The U2715H is the larger 27" model in Dell's UltraSharp range of monitors. It is almost the same monitor but bigger, with the same 1440p resolution and wide viewing angles. Both monitors offer sub-par performance in a dark room due to blacks that appear gray and blotchy. Overall, between these two monitors, it is just a question of size so go with whichever suits your budget and preferences.
The LG 27UD58-B is a similarly priced 27" monitor with a 4k resolution. Although it has the same 60Hz refresh rate, it does have FreeSync, which is good for gamers to reduce screen tearing. It has similar picture quality, with an IPS panel, but can't get as bright to combat glare and the lack of ergonomic adjustments make it difficult to find a comfortable viewing position. The 4k resolution is good for multi-tasking, but if very high density isn't important to you, then the Dell is a better overall choice.
The BenQ Zowie XL2540 is a gaming oriented monitor with a lower 1080p resolution but much higher 240Hz refresh rate.

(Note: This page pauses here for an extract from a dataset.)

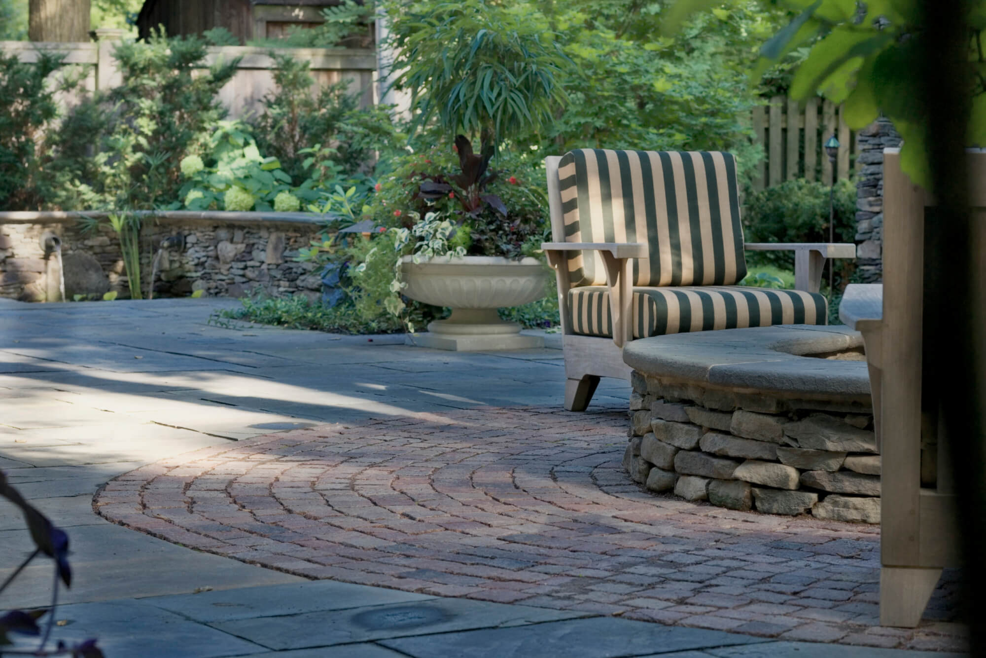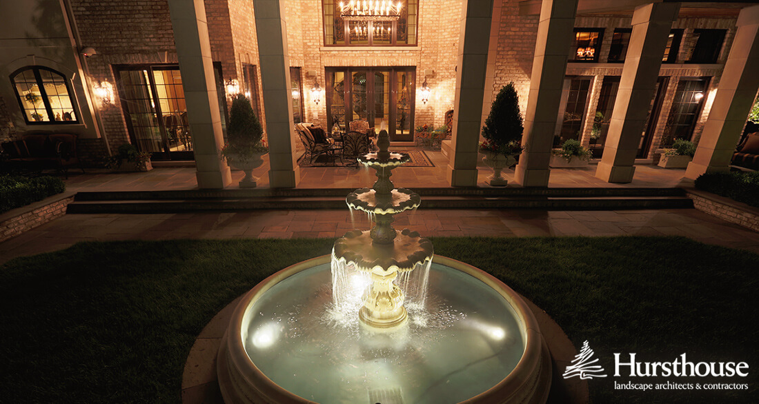 For one very elegant property, we installed brass and copper LED lighting fixtures to enhance the strong formal landscape lines at night. We also submersed lighting into the fountain to create a special effect after dark. Landscaping is an important investment—we want our clients to make the most of their property not just in the summer when they may be entertaining or relaxing, but all year long.

The picture quality is sub-par due to the TN panel, and the image also loses accuracy when viewed at an angle. For gamers though, the monitor feels incredibly responsive when at 240fps due to the low input lag and lack of motion blur. If you only want to game at high FPS then the Zowie XL2540 is a great choice, but if you care about picture quality or plan to watch other content or browse the web then the Dell is a better option.